The FIDE Online Chess Olympiad 2021 was the second FIDE Online Chess Olympiad, an annual online chess tournament organised by the Fédération Internationale des Échecs (FIDE) since 2020, following the onset of the COVID-19 pandemic. It was virtually hosted by China and took place from 20 August to 15 September 2021 on Chess.com's server. Russia finished first and the United States second,  while China and India tied for the third place.

Background 

In July 2021, the Fédération Internationale des Échecs (FIDE) announced that the second edition of the Online Chess Olympiad will be inaugurated on 13 August and last until 15 September.
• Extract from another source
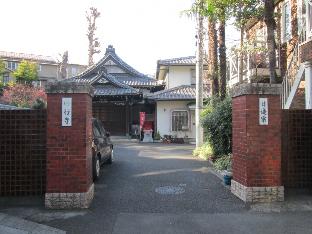 日蓮宗の一寺、創建は不詳、十五世紀中頃、頻迦法印が日蓮宗に改宗、その後廃寺、1614年、本立院日純和尚が開山し、基礎を確立する。本尊は釈迦牟尼仏です。山門を通ると本堂、身延山の稲荷尊神を草分けして、当山に奉安された草分稲荷がある。通常寺の門は木製か石門柱が多いのですが、妙行寺の門柱は赤いレンガで、珍しいと思います。これは江戸時代将軍家から赤門建立を許可された名残を留めるために、赤いレンガ造りの門柱を建てたように想像します

National federations intending to take part in the Olympiad confirmed their participation by 31 July and were to choose their top players and juniors to send for the event. The format of the tournament is the same as the first edition, the FIDE Online Chess Olympiad 2020, which was created after the 44th Chess Olympiad was postponed owing to the COVID-19 pandemic. The inaugural date was later revised to 20 August.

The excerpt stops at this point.